Heelflip is an JSON aggregator library for Java. It's well-known that aggregation processes are useful but it's very expensive to calculate. Instead of calculate aggregations over JSON files into a relational database or even NoSQL database, we provider a library that does this task for us. Heelflip works in-memory or using Redis to aggregate values.
Heelflip is available at the Central Maven Repository:
<dependency>
<groupId>com.github.greatjapa</groupId>
<artifactId>heelflip</artifactId>
<version>1.3</version>
</dependency>
Considering the following bookstore JSON sample:
{"name":"The Odyssey", "author":"Homer", "genre":"poem", "inStock":true, "price":12.50}
{"name":"The Godfather","author":"Mario Puzo", "genre":"novel", "inStock":true, "price":6.49 }
{"name":"Moby-Dick", "author":"Herman Melville","genre":"novel", "inStock":false,"price":3.07 }
{"name":"Emma", "author":"Austen", "genre":"novel", "inStock":true, "price":30.50}
We can read then as follows:
try(InputStream stream = new FileInputStream("bookstore.json")){
JsonAgg jsonAgg = new JsonAgg();
jsonAgg.loadNDJSON(zipStream);
...
}
Once you have a JsonAgg object we can get global aggregations (min, max and sum) doing as follows:
IFieldAgg priceAgg = jsonAgg.getFieldAgg("price");
popAgg.getMin(); // 3.07
popAgg.getMax(); // 30.50
popAgg.getSum(); // 52.56
Or counting their values (count and cardinality):
IFieldAgg genreAgg = jsonAgg.getFieldAgg("genre");
genreAgg.count(); // 4
genreAgg.cardinality(); // 2
genreAgg.count("novel"); // 3
We also can get group by aggregations doing as follows:
IGroupByAgg groupByAgg = jsonAgg.getGroupBy("price", "inStock");
IFieldAgg priceBystockAgg = groupByAgg.groupBy("true");
priceBystockAgg.getMin(); // 6.49
priceBystockAgg.getMax(); // 30.50
priceBystockAgg.getSum(); // 49.49
or
IGroupByAgg groupByAgg = jsonAgg.getGroupBy("name", "inStock");
IFieldAgg namesInStockAgg = groupByAgg.groupBy("true");
namesInStockAgg.distinctValues();
//"The Odyssey"
//"The Godfather"
//"Emma"
You can also generate a report with all aggregations accumulated. You just need to do:
jsonAgg.dumpReport("report", true);
This code snippet will create a directory in the following structure:
report
│ __missingGroupBy.json
└───name
│ │ __name.json
│ │ name_groupBy_author.json
│ │ name_groupBy_genre.json
│ │ name_groupBy_inStock.json
│ │ name_groupBy_price.json
└───author
└───genre
└───inStock
└───price
Each JSON field has its own directory, for instance, name
, author
etc. This directory has the following items:
__<field_name>.json
file with field global aggregations;- All combinations of group by aggregations separated in different files in this format
<field_name>_groupBy_<field_name>.json
.
Finally, the root directory contains a file __missingGroupBy.json
with a list of missing group by combination.
Creating JsonAgg
with default constructor means that you will aggregate JSON files in-memory. If you try to load several JSONs, the JVM may raise OutOfMemoryError
. To avoid this kind of error, we provide an alternative to process aggregations in Redis instead of in-memory. See code below:
JedisPool pool = new JedisPool(new JedisPoolConfig(), "localhost");
try (Jedis jedis = pool.getResource()) {
JsonAgg jsonAgg = new JsonAgg(jedis);
...
}
There is no problem if you have JSONs with array or nested objects. What Heelflip does is calculate aggregations over fields and their values. But the Heelflip API is based on field names and, for that, we need to rename JSON fields when arrays or objects appears.

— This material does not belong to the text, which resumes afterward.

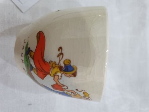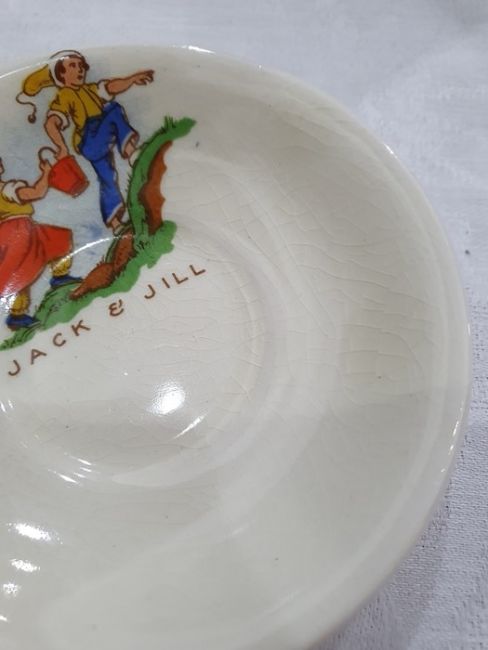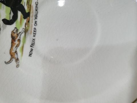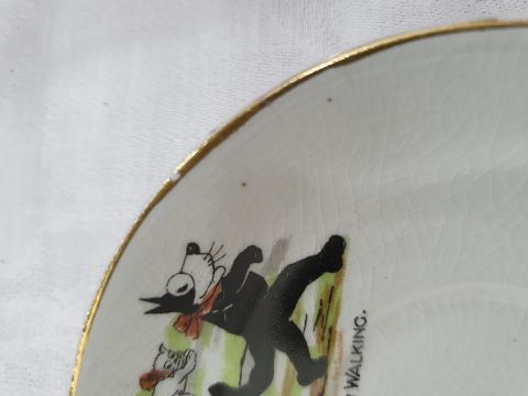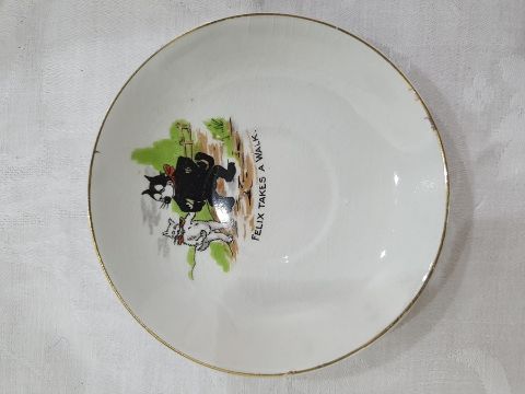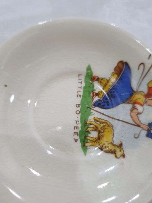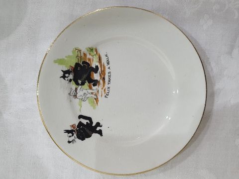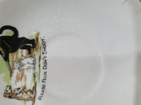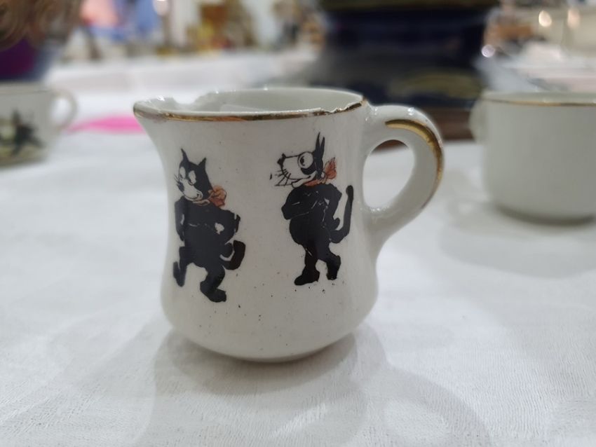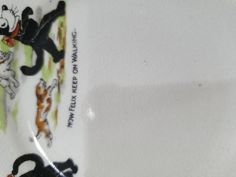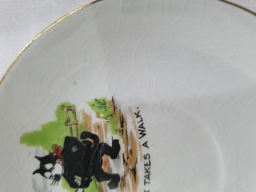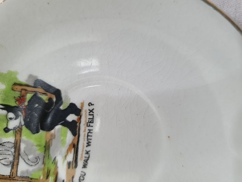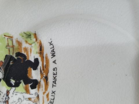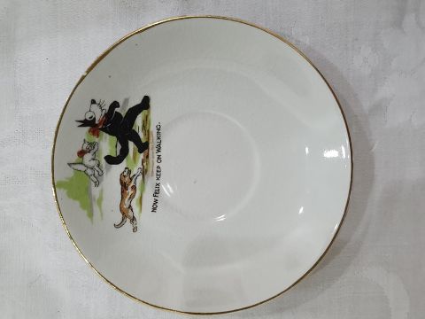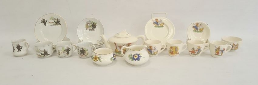 Assorted pottery part doll's tea services, circa 1930 and later, the first printed with Ride-a-Cock horse, Little Bo Beep, Jack and Jill, comprising a teapot and cover, a sugar bowl, four tea cups, four saucers, four side plates together with a Felix the Cat pattern part doll's service, comprising a milk jug, three tea cups and four saucers, four side plates, together with a Crown Ducalware miniature milk jug and small vaseCondition ReportThe teapot has some light surface scratches and crazing. All nursery rhyme pieces have crazing.Crown Ducal cream jug has a chip to the underside of the lip and wear to the decoration.  The crown ducal bowl has some wear to the decoration and some surface marks. All Felix items have crazing, some have wear to the decoration and gilt. Some light surface marks.  There are 2 chips to the rim of the milk jug and a possible hairline crack to one the cups.  See photos.
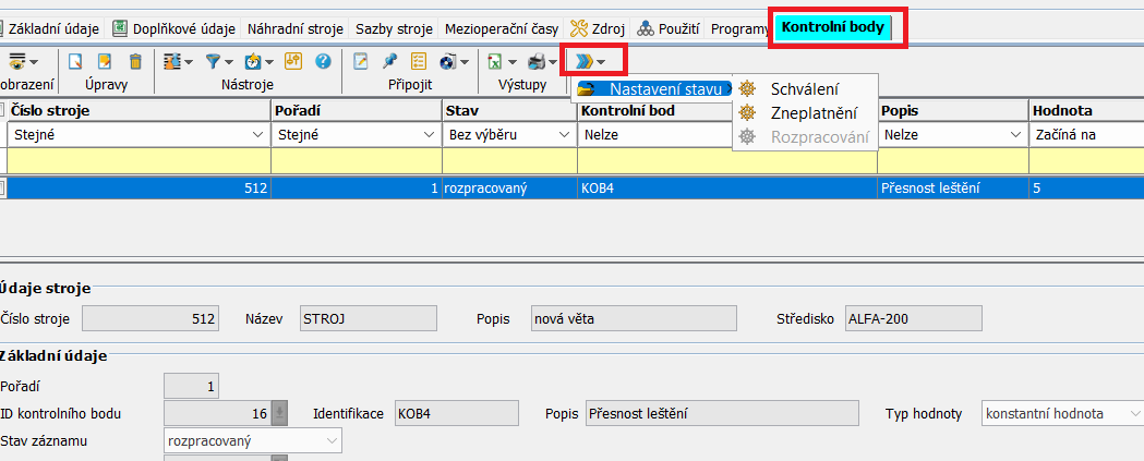 V záložce Kontrolní body vytvoříme nový bod pomocí tlačítka Nový záznam

For instance, the following JSON entry:
{"name":"Steve", "age":30, "address":{"street":"8nd Street", "city":"New York"}}
will be read as:
{"name":"Steve", "age":30, "address.street":"8nd Street", "address.city":"New York"}}
To retrieve the information about the field "city" we need to concatenate the field names as showed below:
FieldAgg cityAgg = agg.getFieldAgg("address.city");
cityAgg.count();
Similarly, the following JSON entry with arrays:
{ "city" : "SPRINGFIELD", "loc" : [ -72.577769, 42.128848 ], "pop" : 22115}
will be read as:
{ "city" : "SPRINGFIELD", "loc_0" : -72.577769, "loc_1": 42.128848, "pop" : 22115}
NOTE: The examples above are used only to ilustrate how we rename field names for objects and arrays to generate unique names at aggregation time. It is important to understand that we do not flatten the JSON.